Storpiamo anche la grandezza dei nostri più grandi compositori! Siamo esterofili anche nella mise en scene delle opere concertistiche dei giganti della musica classica patria, diminuendo il sublime che v’è nei nostri Autori e implementando oltre misura le cadenze e le armonie straniere.
Come ha detto il Maestro Muti, dobbiamo riconsegnare alla nostra musica quell’aura di sacralità, di religiosità, di nobiltà e  di aristocrazia che spetta ad ogni  stella del firmamento lirico italiano, dando la possibilità  ai tanti giovani talenti italiani di palesarsi nei palcoscenici dei prestigiosi teatri della Penisola.


Fabrizio Giulimondi

martedì 2 luglio 2013

"ACCABADORA" DI MICHELA MURGIA


Con il termine sardo femina accabadora, oppure femina agabbadòra, comunemente accabadora (s'accabadóra, "colei che finisce", probabilmente dallo spagnolo acabar, "finire", "terminare") si suole  indicare una donna che uccideva persone anziane in condizioni di malattia tali da portare i familiari o la stessa vittima, a richiedere l’ eutanasia. Non c'è unanimità sulla storicità di queste figure, non ritenendo molti antropologi che siano realmente esistite, mentre  quelli ad esse favorevoli, valutano che  il fenomeno si sia sviluppato solamente nell’ area delle Marghine, di Planargia e della Gallura.

La pratica non doveva essere retribuita dai parenti dell'anziano essendo la liquidazione di un compenso contraria ai dettami religiosi e della superstizione.

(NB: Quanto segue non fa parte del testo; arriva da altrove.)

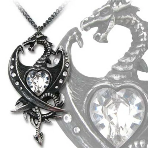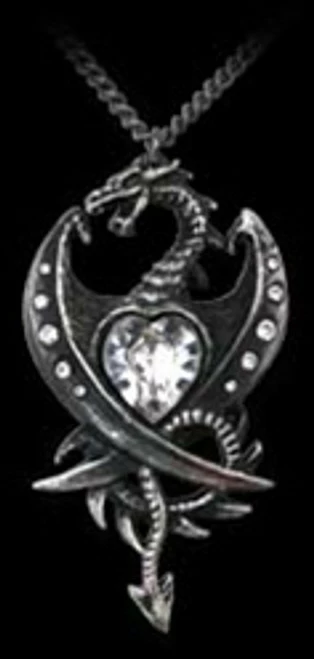 An accursed black dragon, with the heart of a diamond; a metaphor for a dangerous relationship, or else a powerful ally? Set with 11 Swarovski crystals.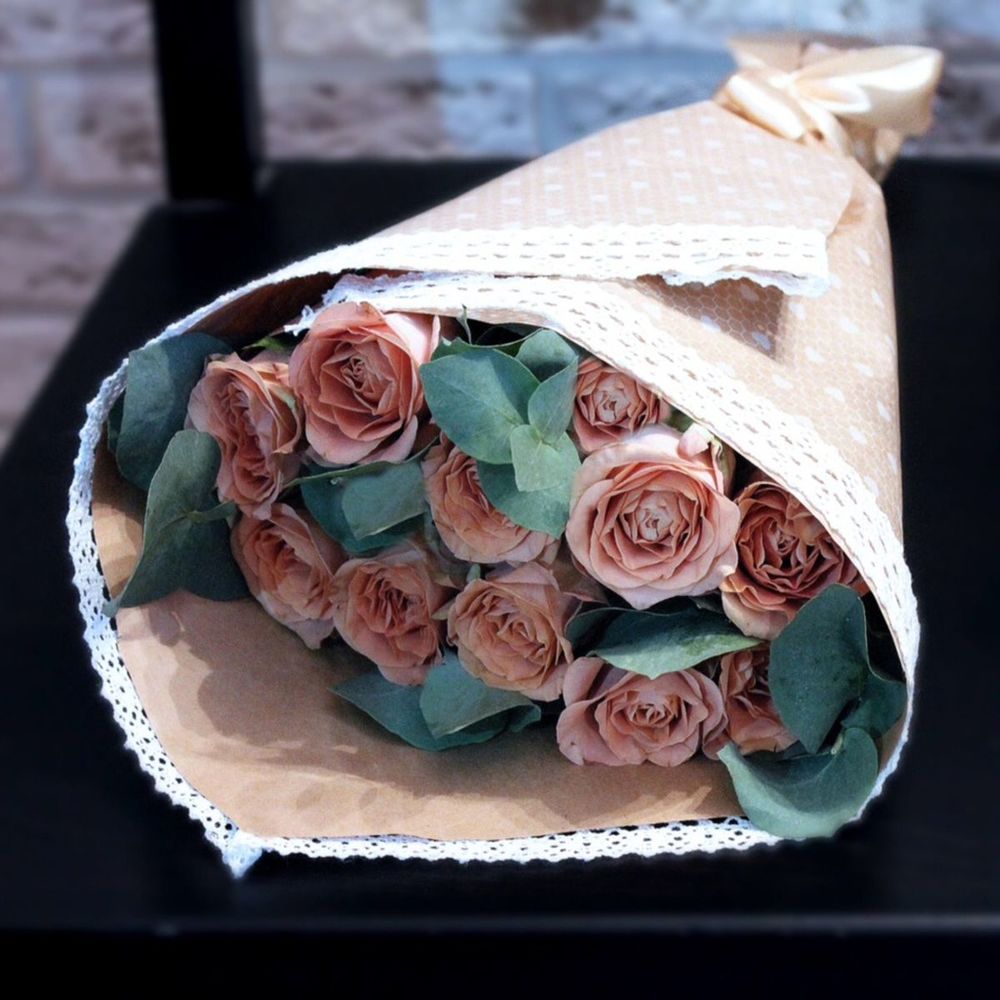 Роза Капучино с эвкалиптом — отличный выбор для подарка! На сайте вы найдете красочные фотографии, которые помогут сделать выбор. Цена букета — 5500 руб.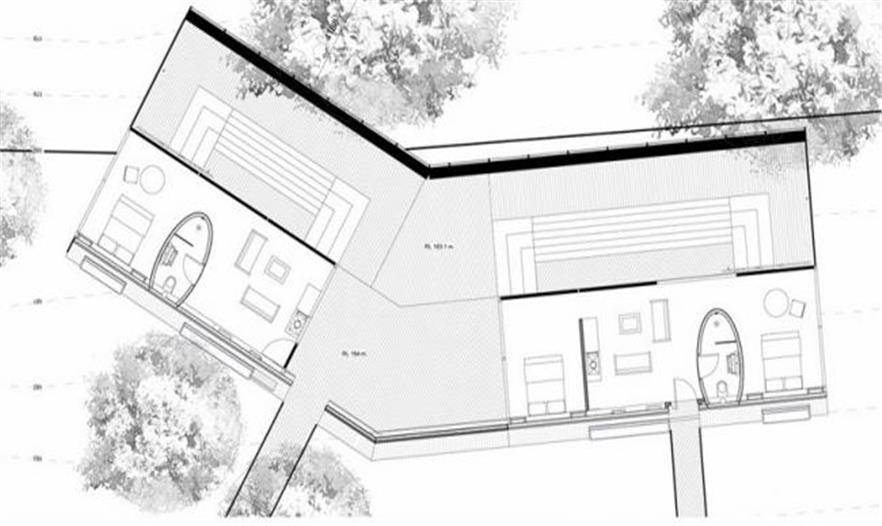 設(shè)計(jì)包括五個(gè)小屋,每個(gè)小屋一到兩間臥室,這些小屋輕巧的坐落在山坡上,為住戶提供小屋周邊綿延數(shù)英里的景色。為了保證盡可能減少地面的打斷,小屋的設(shè)計(jì)和位置都經(jīng)過精心考量。每個(gè)空間在不影響客人看風(fēng)景的情況下都經(jīng)過調(diào)整以獲得最大的私密性。在室內(nèi),舒適的家具布置不但給游客以離網(wǎng)生活體驗(yàn),還讓其功能性與品質(zhì)一直維持在較高的水平上。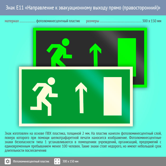 Знак E11 «Направление к эвакуационному выходу прямо (правосторонний)» на фотолюминесцентном пластике, размером 300х150 мм указывает направление эвакуации – направо. Эвакуационные знаки безопасности изготовлены согласно ГОСТ Р 12.4.026-2015 и предназначены для обозначения направления движения и выходов при эвакуации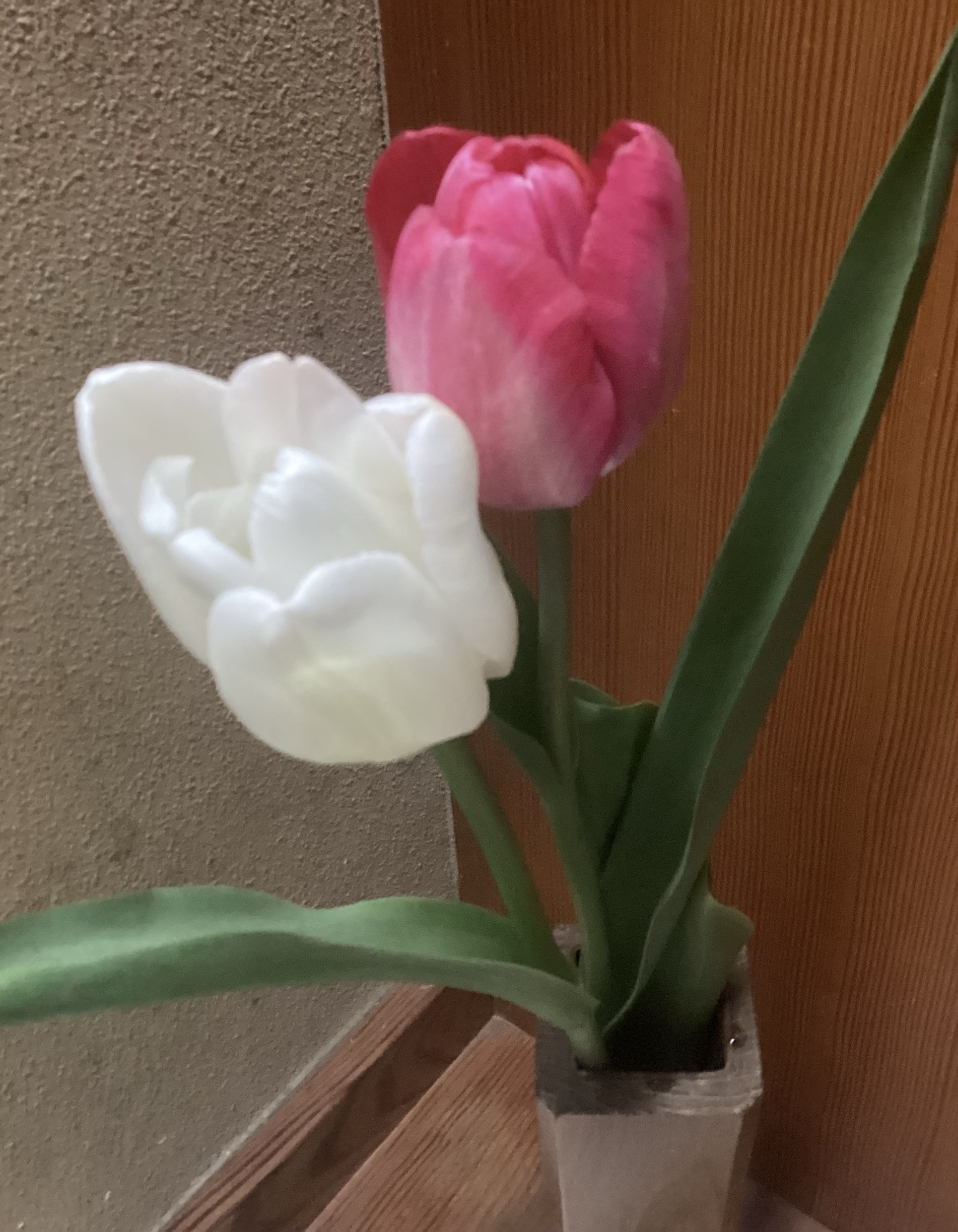 春が待ち遠しい花たちが咲いています。アイリスとチューリップです。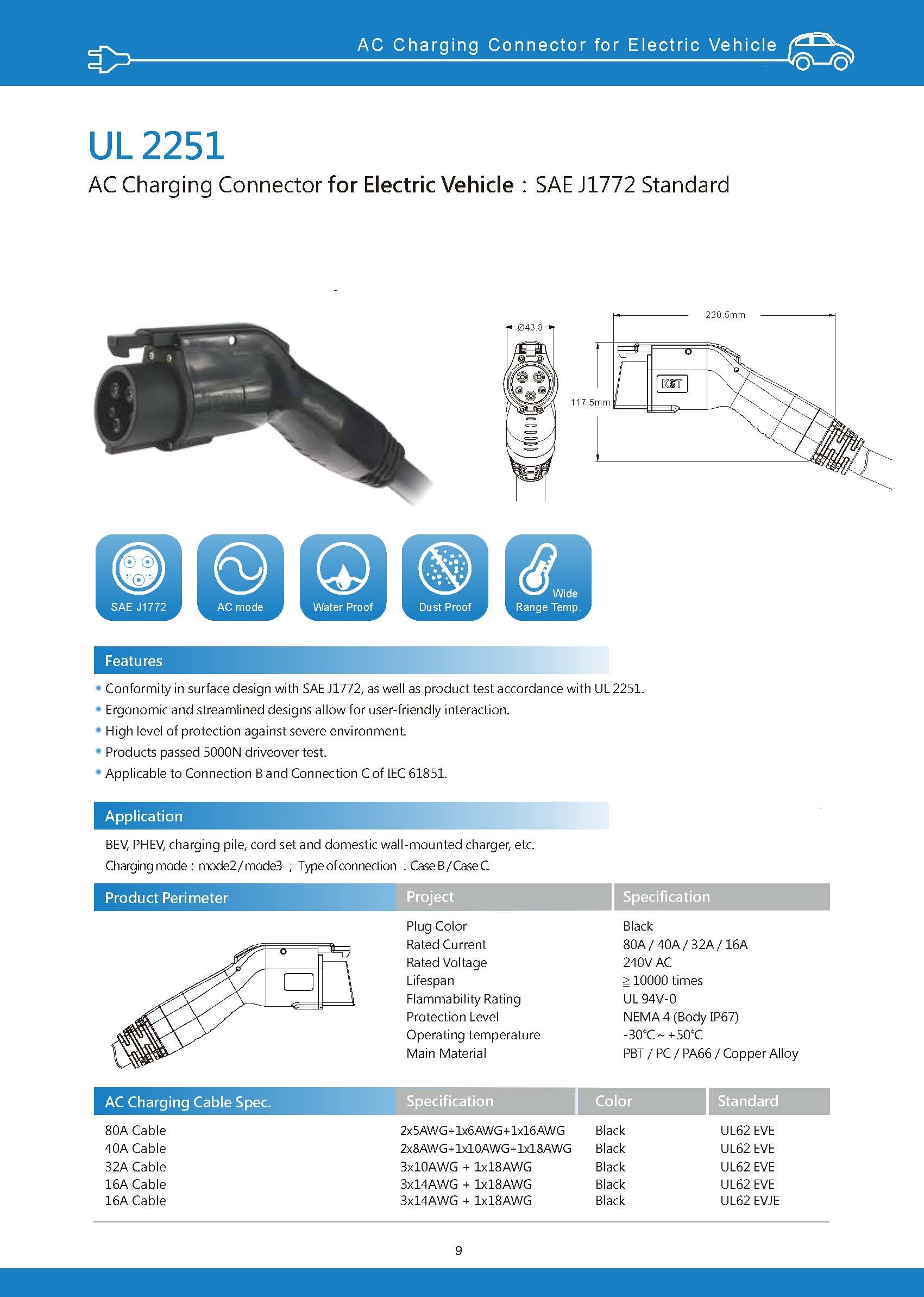 Meet SAE J1772 2009 (Type 1 EV Connector) North American standardEV Charger Cable lenght: 5m, 7.62m or customized

Diverse sono le pratiche di uccisione utilizzate dalla  accabadora: si dice che entrasse nella stanza del morente vestita di nero e con il volto coperto, togliesse dall'ambiente ogni tipo di manufatto riconducibile alla sfera del sacro e  procedesse alla sua eliminazione  tramite soffocamento con un cuscino. E’ così che l’”Accabadora” raccontata da Michela Murgia (Einaudi Numeri Primi), vincitrice del Premio Campiello 2010, pratica la “dolce morte” agli anziani di un piccolo villaggio sardo nel protrarsi della prima guerra mondiale.
La storia parte lenta, sonnecchiante, un po’ noiosa, talora di non facile comprensione, fra costumi, riti e curiosità culinarie  sarde.  Con il trascorrere della lettura la narrazione si fa però  avvincente, lievemente ansiogena e inquietante, se vogliamo a tinte fosche.
Due sono le protagoniste: Tzia Bonaria, sarta ma, alle bisogna,  accabadora,  e Maria, la di lei fill’e anima, antico istituto giuridico  sardo che consentiva ad una famiglia povera di dare in una sorta di adozione  o affidamento un figlio ad una persona, anche sola, ma in agiate condizioni economiche.
Tzia Bonaria prende con sé Maria, crescendola dall’ età di otto anni ai dodici come una figlia, finché quest’ultima scopre il secondo vero mestiere della “madre”, al momento in cui viene praticato su un ragazzo che, nel compimento di una azione vandalica incendiaria, era stato attinto ad una gamba da una pallottola, arto che gli sarà amputato una volta divenuto putrescente.
Maria fuggirà nel  continente ove farà la bambinaia a Torino a due ragazzi, una bambina e un adolescente, che porta con sé  un segreto. Del tragico  mistero ne sarà partecipe Maria e tale conoscenza muterà il rapporto fra i due, non più di tata e fanciullo. La ragazza tornerà, cacciata dall’ alcova, nell’ Isola, dove troverà la madre adottiva devastata da un ictus…… e ciò che aveva giurato che mai avrebbe fatto, sarà compiuto!